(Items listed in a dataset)
· · ·

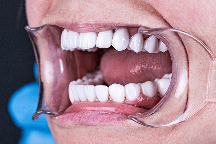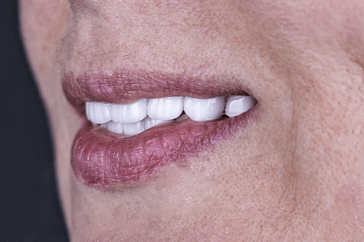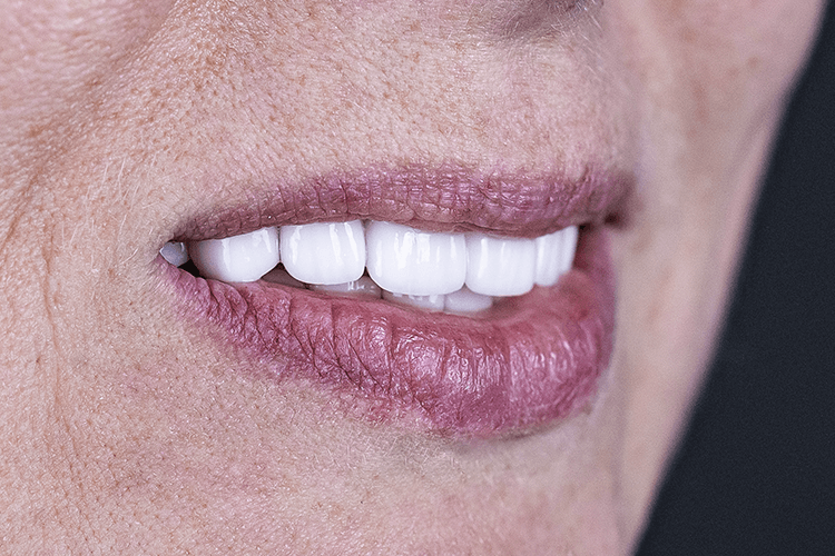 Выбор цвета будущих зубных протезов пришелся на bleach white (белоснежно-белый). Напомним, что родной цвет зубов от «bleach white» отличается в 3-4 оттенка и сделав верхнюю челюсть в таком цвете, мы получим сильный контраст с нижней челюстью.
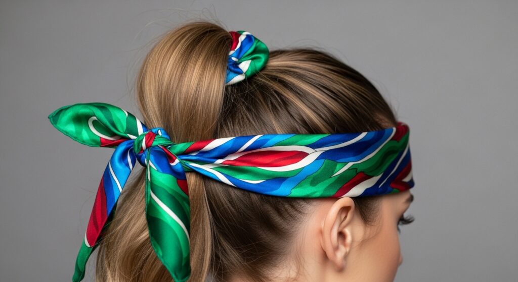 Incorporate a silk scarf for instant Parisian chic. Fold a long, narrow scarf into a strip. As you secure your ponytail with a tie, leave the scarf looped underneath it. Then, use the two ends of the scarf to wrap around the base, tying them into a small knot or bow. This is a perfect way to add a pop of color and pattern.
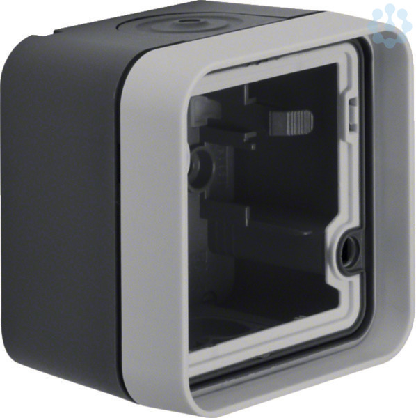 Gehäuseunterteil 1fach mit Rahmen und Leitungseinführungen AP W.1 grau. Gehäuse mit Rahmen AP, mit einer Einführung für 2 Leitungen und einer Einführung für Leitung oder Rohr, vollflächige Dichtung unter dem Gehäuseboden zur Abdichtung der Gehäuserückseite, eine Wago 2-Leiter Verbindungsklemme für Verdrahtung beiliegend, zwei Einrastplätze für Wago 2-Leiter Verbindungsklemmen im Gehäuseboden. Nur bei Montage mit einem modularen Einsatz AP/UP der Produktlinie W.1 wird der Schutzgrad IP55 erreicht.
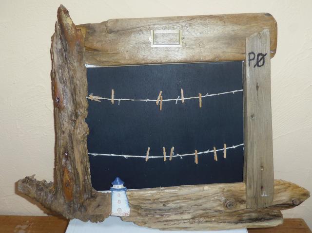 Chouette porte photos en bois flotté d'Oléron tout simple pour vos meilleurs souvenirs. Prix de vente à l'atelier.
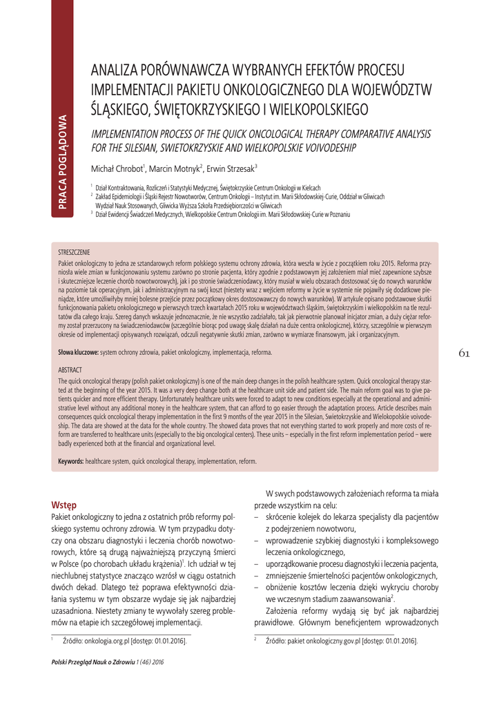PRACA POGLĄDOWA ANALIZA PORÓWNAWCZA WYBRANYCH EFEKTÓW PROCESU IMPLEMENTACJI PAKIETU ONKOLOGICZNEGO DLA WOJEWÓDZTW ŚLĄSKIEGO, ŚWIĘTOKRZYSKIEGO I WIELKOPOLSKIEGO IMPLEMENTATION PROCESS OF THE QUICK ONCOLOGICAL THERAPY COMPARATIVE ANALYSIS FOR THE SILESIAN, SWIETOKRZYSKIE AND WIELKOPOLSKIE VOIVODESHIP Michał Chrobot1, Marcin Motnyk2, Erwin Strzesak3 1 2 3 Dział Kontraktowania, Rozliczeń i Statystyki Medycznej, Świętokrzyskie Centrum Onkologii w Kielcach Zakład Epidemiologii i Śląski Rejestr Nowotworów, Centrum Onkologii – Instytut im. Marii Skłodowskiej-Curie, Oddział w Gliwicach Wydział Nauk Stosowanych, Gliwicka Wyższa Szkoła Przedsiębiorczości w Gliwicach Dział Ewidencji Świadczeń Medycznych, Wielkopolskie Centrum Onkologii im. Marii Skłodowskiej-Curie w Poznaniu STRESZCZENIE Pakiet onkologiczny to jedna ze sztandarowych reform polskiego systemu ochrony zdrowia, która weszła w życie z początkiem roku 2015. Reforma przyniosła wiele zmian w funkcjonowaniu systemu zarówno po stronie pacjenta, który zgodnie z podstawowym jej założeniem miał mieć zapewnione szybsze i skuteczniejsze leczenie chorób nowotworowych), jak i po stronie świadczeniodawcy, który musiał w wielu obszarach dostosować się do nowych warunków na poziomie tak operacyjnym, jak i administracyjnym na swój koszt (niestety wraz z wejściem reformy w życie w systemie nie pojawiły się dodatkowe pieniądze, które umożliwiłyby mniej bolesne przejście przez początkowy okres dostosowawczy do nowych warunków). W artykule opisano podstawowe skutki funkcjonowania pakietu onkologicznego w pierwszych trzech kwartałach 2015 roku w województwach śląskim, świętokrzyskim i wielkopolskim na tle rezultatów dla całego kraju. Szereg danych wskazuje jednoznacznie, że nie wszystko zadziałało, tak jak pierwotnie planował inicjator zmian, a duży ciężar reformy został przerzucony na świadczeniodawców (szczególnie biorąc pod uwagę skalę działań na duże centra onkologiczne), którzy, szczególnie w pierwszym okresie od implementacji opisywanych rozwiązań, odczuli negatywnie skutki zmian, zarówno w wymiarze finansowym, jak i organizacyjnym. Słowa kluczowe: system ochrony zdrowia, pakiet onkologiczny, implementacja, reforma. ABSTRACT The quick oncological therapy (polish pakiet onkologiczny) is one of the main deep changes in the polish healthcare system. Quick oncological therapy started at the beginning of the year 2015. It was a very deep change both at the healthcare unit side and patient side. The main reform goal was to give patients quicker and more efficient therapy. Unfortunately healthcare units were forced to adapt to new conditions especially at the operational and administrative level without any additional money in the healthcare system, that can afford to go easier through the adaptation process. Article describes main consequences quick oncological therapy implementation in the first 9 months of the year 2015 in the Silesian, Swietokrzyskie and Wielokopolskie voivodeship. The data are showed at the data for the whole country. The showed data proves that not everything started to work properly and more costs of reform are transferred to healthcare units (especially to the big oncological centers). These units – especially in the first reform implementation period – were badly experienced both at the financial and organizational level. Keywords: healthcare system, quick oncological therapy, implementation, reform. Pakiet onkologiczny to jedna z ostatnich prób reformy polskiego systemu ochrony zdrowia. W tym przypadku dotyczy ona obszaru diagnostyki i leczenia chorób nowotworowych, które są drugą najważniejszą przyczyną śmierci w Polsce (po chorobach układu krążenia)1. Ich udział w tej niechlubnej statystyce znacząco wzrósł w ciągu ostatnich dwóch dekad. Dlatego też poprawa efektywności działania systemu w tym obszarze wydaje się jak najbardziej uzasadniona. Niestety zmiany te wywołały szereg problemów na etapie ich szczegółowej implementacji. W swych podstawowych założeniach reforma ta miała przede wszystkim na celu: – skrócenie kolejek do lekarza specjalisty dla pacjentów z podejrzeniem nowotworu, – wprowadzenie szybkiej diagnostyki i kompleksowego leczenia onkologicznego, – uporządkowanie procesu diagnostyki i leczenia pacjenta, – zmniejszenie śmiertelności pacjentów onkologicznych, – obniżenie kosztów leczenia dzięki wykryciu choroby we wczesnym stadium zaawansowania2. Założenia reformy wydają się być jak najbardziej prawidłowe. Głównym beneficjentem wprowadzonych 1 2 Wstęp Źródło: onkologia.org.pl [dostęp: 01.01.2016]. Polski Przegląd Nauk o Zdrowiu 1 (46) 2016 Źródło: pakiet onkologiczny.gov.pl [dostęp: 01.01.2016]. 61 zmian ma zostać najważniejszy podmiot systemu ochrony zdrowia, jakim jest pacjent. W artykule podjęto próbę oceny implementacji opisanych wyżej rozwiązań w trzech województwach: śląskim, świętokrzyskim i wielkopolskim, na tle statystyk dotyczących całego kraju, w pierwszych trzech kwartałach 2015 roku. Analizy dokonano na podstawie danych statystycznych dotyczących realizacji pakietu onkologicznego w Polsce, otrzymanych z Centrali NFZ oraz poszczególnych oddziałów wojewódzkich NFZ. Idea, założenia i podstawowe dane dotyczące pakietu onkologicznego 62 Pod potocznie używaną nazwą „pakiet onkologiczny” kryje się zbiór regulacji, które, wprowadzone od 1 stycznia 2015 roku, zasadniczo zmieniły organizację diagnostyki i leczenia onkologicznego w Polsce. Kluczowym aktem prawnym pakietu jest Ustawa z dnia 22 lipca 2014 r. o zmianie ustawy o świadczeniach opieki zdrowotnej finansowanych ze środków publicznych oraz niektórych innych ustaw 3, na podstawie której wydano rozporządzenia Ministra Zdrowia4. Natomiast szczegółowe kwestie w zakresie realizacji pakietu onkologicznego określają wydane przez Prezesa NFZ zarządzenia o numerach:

· · ·

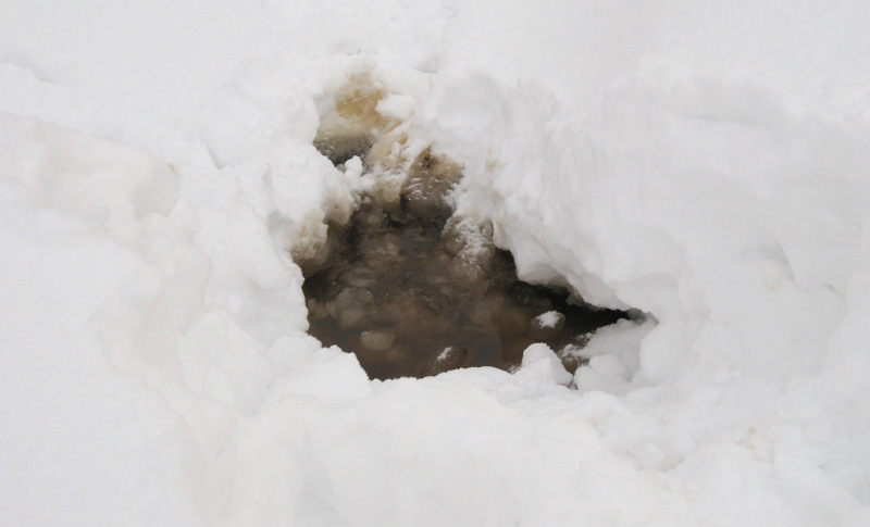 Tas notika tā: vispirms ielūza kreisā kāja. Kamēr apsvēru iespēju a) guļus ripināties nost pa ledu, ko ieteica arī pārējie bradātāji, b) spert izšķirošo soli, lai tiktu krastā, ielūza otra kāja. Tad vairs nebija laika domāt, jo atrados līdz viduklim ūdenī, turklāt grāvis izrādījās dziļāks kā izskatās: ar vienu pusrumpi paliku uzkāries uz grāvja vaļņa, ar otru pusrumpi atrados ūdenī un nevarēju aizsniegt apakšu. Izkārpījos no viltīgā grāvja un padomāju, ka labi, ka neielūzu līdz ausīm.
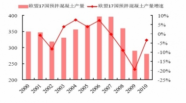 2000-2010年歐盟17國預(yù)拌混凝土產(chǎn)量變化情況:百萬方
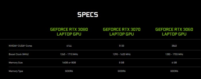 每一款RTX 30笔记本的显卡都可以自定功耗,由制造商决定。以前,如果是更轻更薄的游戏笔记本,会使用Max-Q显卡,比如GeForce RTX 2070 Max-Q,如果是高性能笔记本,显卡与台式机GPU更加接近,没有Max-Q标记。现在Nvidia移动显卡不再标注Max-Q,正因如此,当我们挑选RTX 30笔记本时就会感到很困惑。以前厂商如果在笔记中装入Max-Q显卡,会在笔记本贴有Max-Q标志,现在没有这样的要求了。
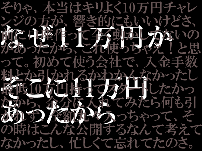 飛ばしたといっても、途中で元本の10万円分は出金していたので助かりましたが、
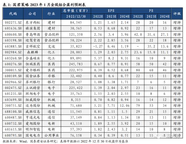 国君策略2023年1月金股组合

· · ·

*Problem details*
All pictures are to be skipped. Output, word for word, the lines in the data above starting at the line containing "飛ばしたといっても、途中で元本の10万円分は出金していたので助かりましたが、" and ending at the line containing "国君策略2023年1月金股组合".

*Answer below*
 飛ばしたといっても、途中で元本の10万円分は出金していたので助かりましたが、
 国君策略2023年1月金股组合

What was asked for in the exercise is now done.